American banker (1822-1902)

Samuel Denison Babcock (May 16, 1822 – September 14, 1902) was an American banker.

==Early life==
Babock was born on May 16, 1822, in Stonington, Connecticut. He was the son of Benjamin Franklin Babcock Sr. and Maria (née Eells) Babcock.

His ancestors were natives of Essex, among the staunchest of Puritan families, who went to Leiden, Holland, before landing at Plymouth Rock in 1623 with one of the first parties of colonists following the Mayflower. The family grew wealthy and rose to prominence, holding high civil and military positions during the American Revolutionary War.

==Career==
At age fourteen, Babcock moved to New York City and began working as a bank messenger. He later served as president of the International Bell Telephone Company and of the Central, Manhattan, Colonial, and New York Real Estate Associations and the Chamber of Commerce of the State of New York; vice president of the Providence and Stonington Steamship Company and the City and Suburban Homes Association; treasurer of the Improved Dwellings Association; a director of the New York Central and Hudson River Railroad, the New York and Harlem Railroad Company, the National Bank of Commerce in New York, the American Exchange National Bank, the Continental Insurance Company, the Guarantee Trust Company, the Metropolitan Opera and Real Estate Company, the United States Mortgage and Trust Company; a trustee of the Central Trust Company, the Fifth Avenue Trust Company, and of the Mutual Life Insurance Company of New York. He was also a member of the Advisory Committee of the United States Lloyds.
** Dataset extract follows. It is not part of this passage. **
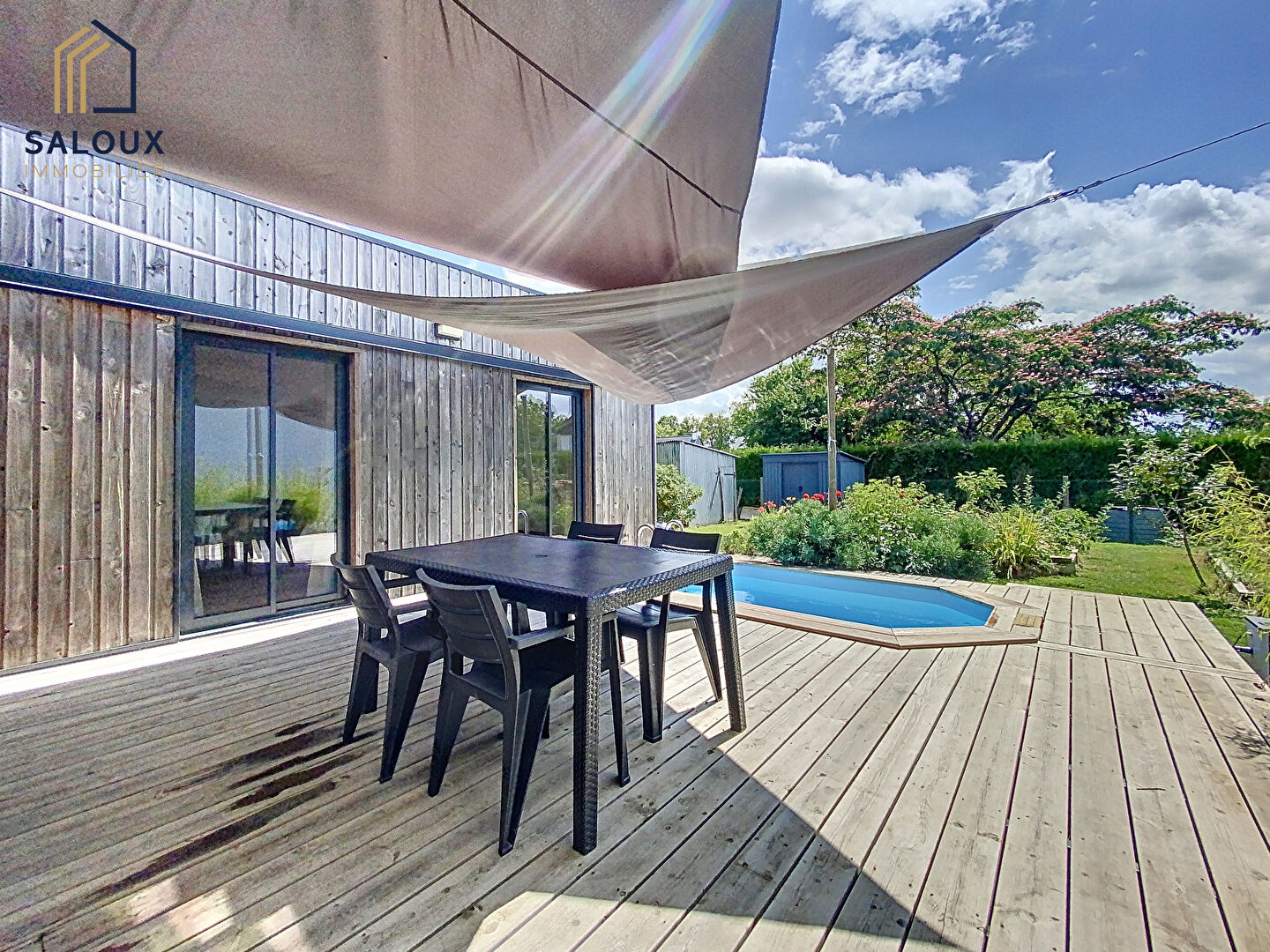 À l'extérieur, vous profiterez d'une agréable terrasse en bois et d'une piscine chauffée par pompe à chaleur.

His business partners in property development ventures included William W. Woodworth and Henry L. Atherton.

In 1889, he served as president of the Finance Committee for the proposed World's Fair in New York in 1892.

==Personal life==
On December 2, 1846, Babcock married Elizabeth Crary Franklin (1828–1881), a daughter of Richard L. Franklin and Evelina (née Crary) Franklin. Elizabeth's younger sister, Cornelia Fulton Franklin, was married to Samuel's younger brother, Charles Henry Phelps Babcock. Together, they were the parents of:

- Henry Denison Babcock (1847–1918), who married Anna Mary Woodward (1849–1923), a daughter of Robert Thomas Woodward.
- Evelena Franklin Babcock (1849–1908), who married lawyer William Palmer Dixon (1847–1926) in 1871. (Note: William Palmer Dixon (1847–1926) was the son of Courtlandt Palmer Dixon (1817–1883) and Hannah Elizabeth (née Williams) Dixon (1817–1888). He was a cousin of U.S. Representative and Senator Nathan F. Dixon III, a nephew of Nathan F. Dixon II, and a grandson of U.S. Senator Nathan Fellows Dixon. William's sister, Priscilla Palmer Dixon (1851–1924), married Thomas C. Sloane and James Lent Barclay.)
- Emily Franklin Babcock (1855–1925), who married banker Fordyce Dwight Barker (1847–1893), a son of Benjamin Fordyce Barker.
- Elizabeth Babcock (b. 1857)
- Frances Morris "Fanny" Babcock (1858–1940), who married Henry Alexander Murray, a grandson of Lt.-Col. Hon. Alexander Murray (son of John Murray, 4th Earl of Dunmore, a governor of the Province of New York).
- Maria Babcock (b. 1860)
- Parthenia Babcock (1863–1865), who died young.
- Kate Spaulding Babcock (1868–1923), who died unmarried.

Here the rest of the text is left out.